## What to do
Please write out exactly the lines from the opening of the listing through the line that holds "Понад 50% українців", including both, and nothing else; no pictures.

## Data for this task

"""

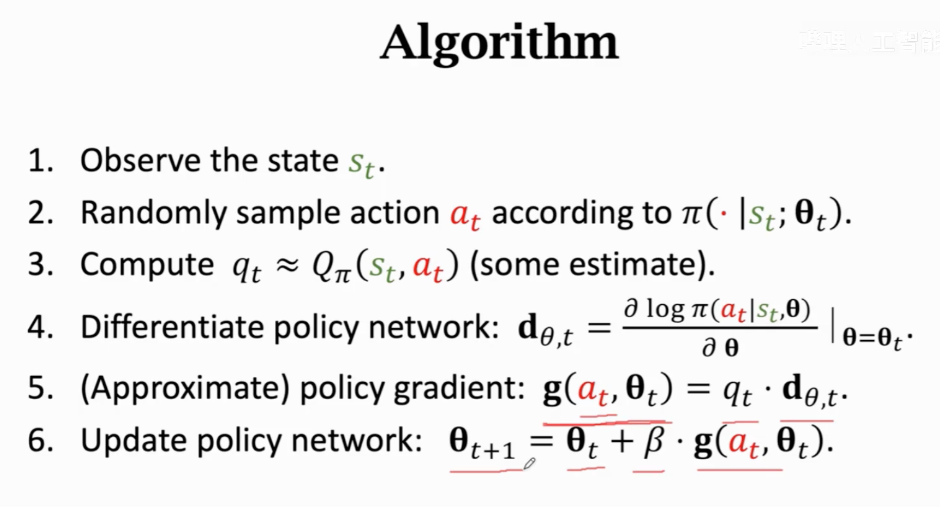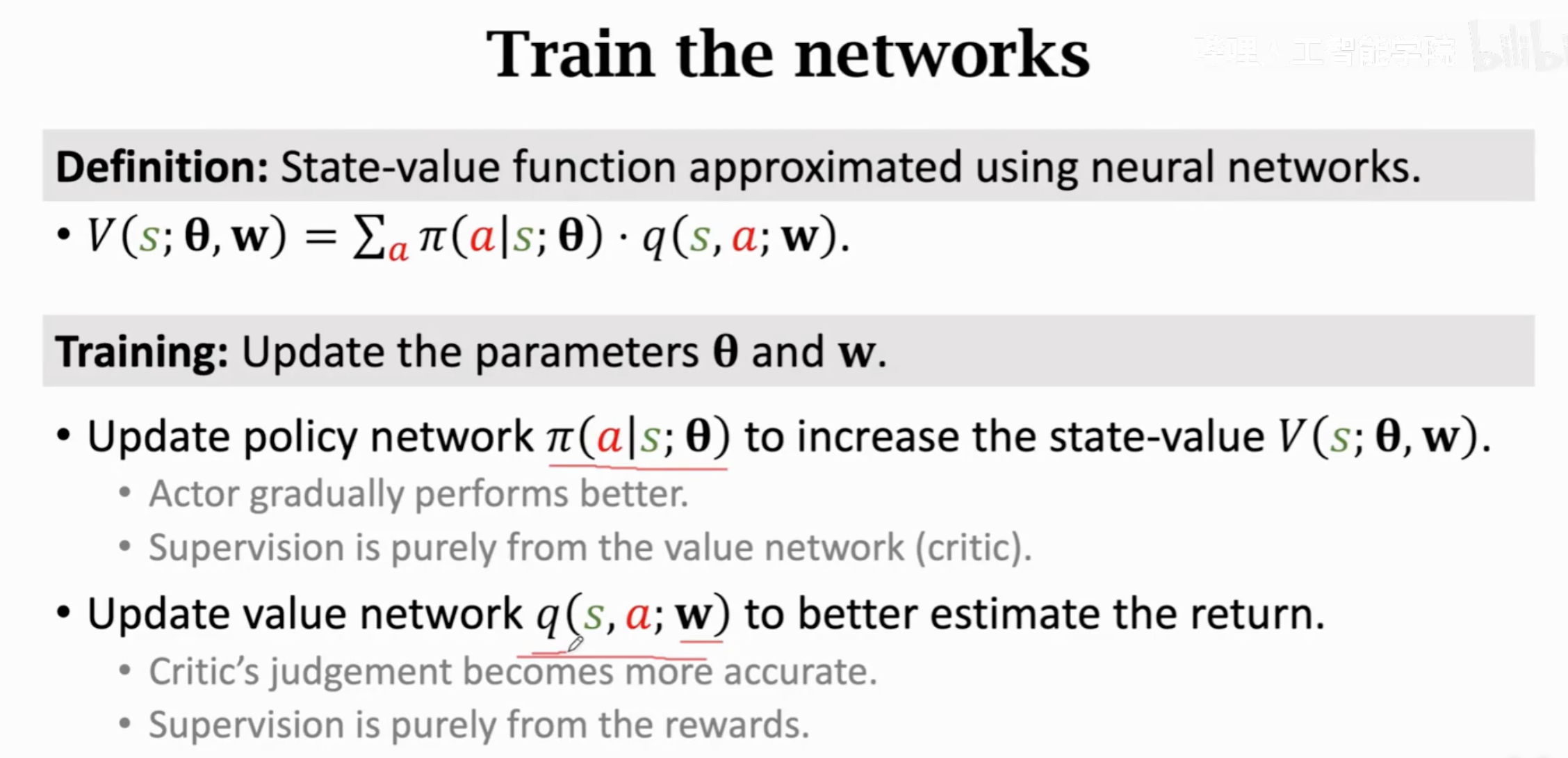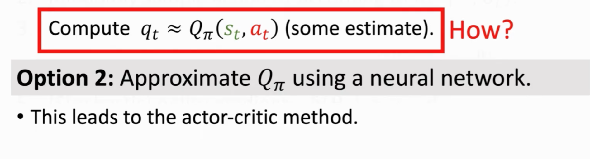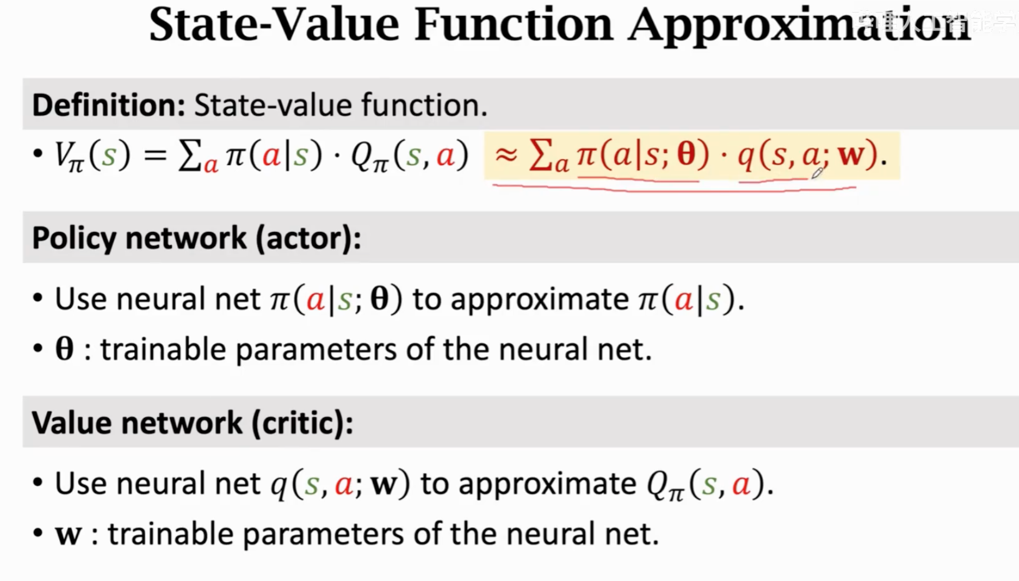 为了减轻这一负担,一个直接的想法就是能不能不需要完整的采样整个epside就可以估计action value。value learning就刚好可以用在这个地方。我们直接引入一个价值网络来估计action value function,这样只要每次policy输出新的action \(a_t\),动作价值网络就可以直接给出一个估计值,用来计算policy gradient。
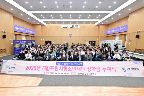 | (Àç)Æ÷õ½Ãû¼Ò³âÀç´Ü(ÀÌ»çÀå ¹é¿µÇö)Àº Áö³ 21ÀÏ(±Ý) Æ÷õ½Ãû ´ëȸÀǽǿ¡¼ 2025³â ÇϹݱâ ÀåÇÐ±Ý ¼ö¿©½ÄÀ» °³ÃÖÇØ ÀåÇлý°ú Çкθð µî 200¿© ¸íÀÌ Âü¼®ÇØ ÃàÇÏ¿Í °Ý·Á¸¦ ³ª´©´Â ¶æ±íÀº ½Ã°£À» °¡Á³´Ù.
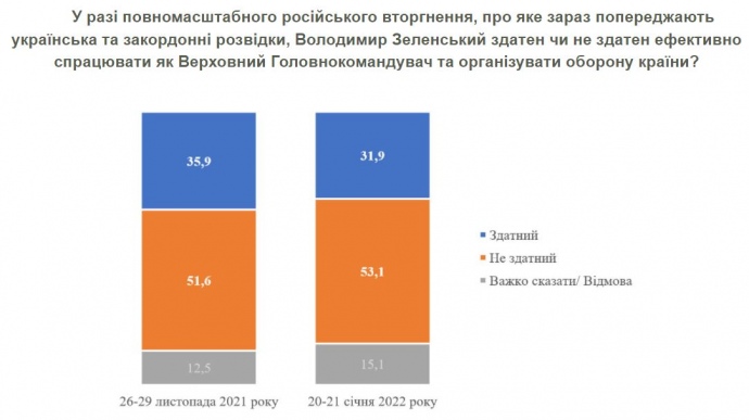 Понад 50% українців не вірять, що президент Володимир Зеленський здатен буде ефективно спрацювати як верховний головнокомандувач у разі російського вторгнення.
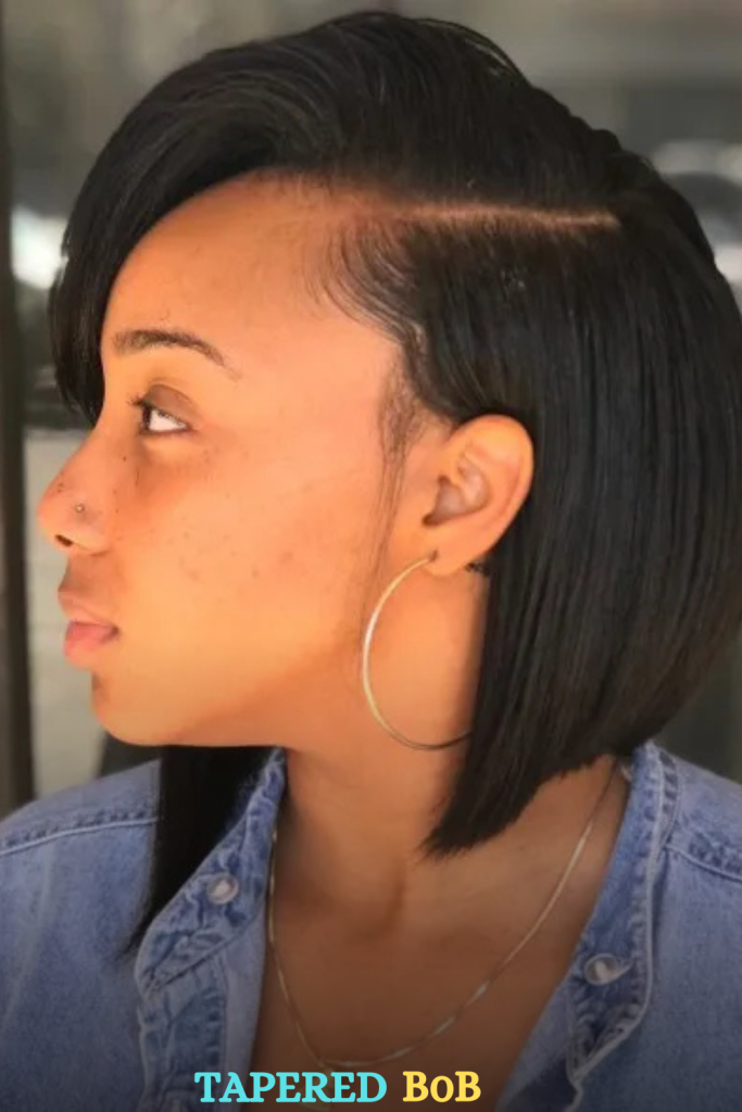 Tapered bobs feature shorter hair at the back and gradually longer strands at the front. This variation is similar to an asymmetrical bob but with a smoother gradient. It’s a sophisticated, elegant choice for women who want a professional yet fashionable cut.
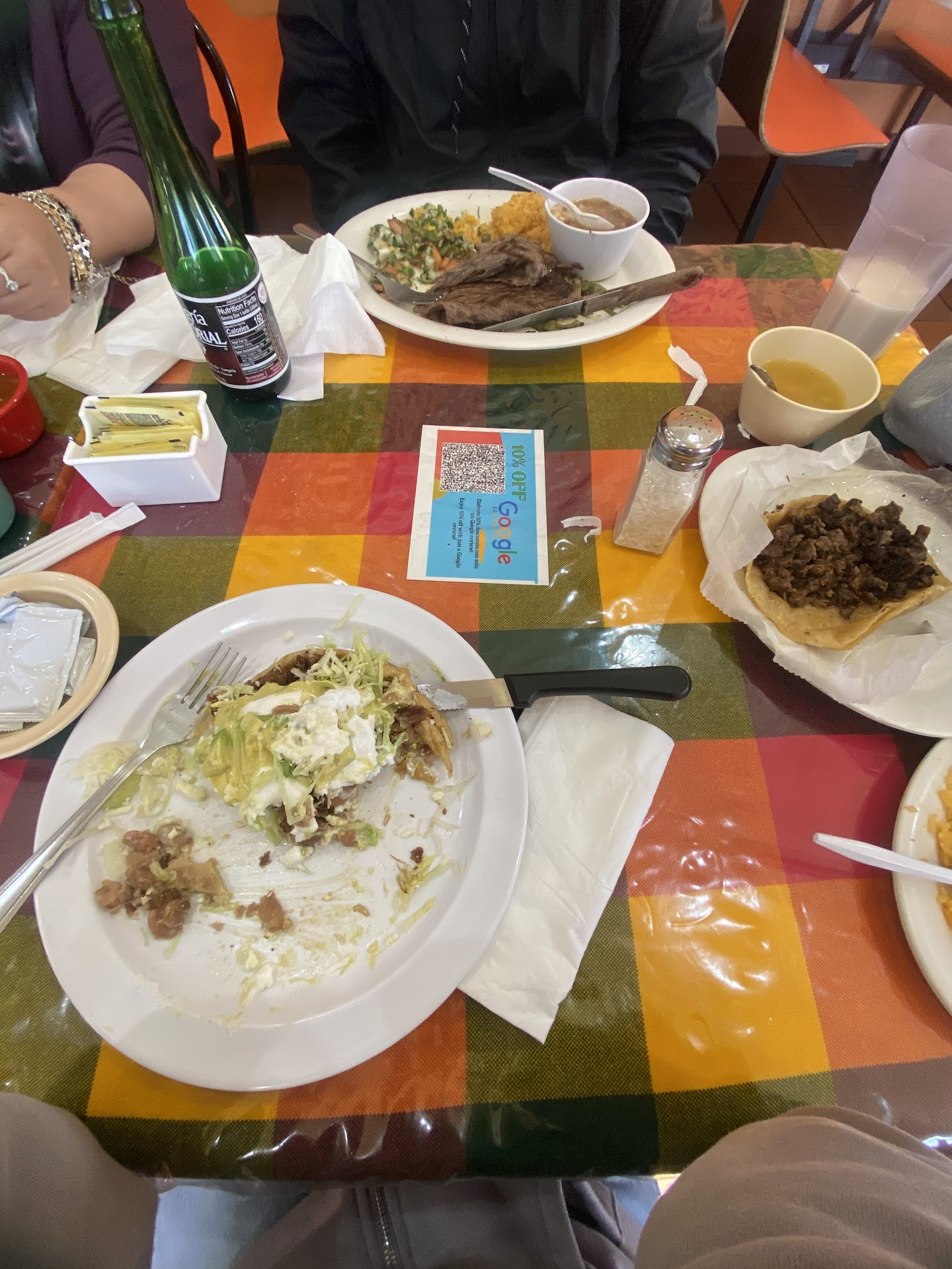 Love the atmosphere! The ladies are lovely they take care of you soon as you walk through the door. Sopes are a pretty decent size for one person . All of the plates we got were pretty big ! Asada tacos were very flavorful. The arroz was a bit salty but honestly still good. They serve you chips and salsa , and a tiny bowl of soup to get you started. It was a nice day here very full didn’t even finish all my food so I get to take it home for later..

"""

## Response to the exercise
 为了减轻这一负担,一个直接的想法就是能不能不需要完整的采样整个epside就可以估计action value。value learning就刚好可以用在这个地方。我们直接引入一个价值网络来估计action value function,这样只要每次policy输出新的action \(a_t\),动作价值网络就可以直接给出一个估计值,用来计算policy gradient。
 | (Àç)Æ÷õ½Ãû¼Ò³âÀç´Ü(ÀÌ»çÀå ¹é¿µÇö)Àº Áö³ 21ÀÏ(±Ý) Æ÷õ½Ãû ´ëȸÀǽǿ¡¼ 2025³â ÇϹݱâ ÀåÇÐ±Ý ¼ö¿©½ÄÀ» °³ÃÖÇØ ÀåÇлý°ú Çкθð µî 200¿© ¸íÀÌ Âü¼®ÇØ ÃàÇÏ¿Í °Ý·Á¸¦ ³ª´©´Â ¶æ±íÀº ½Ã°£À» °¡Á³´Ù.
 Понад 50% українців не вірять, що президент Володимир Зеленський здатен буде ефективно спрацювати як верховний головнокомандувач у разі російського вторгнення.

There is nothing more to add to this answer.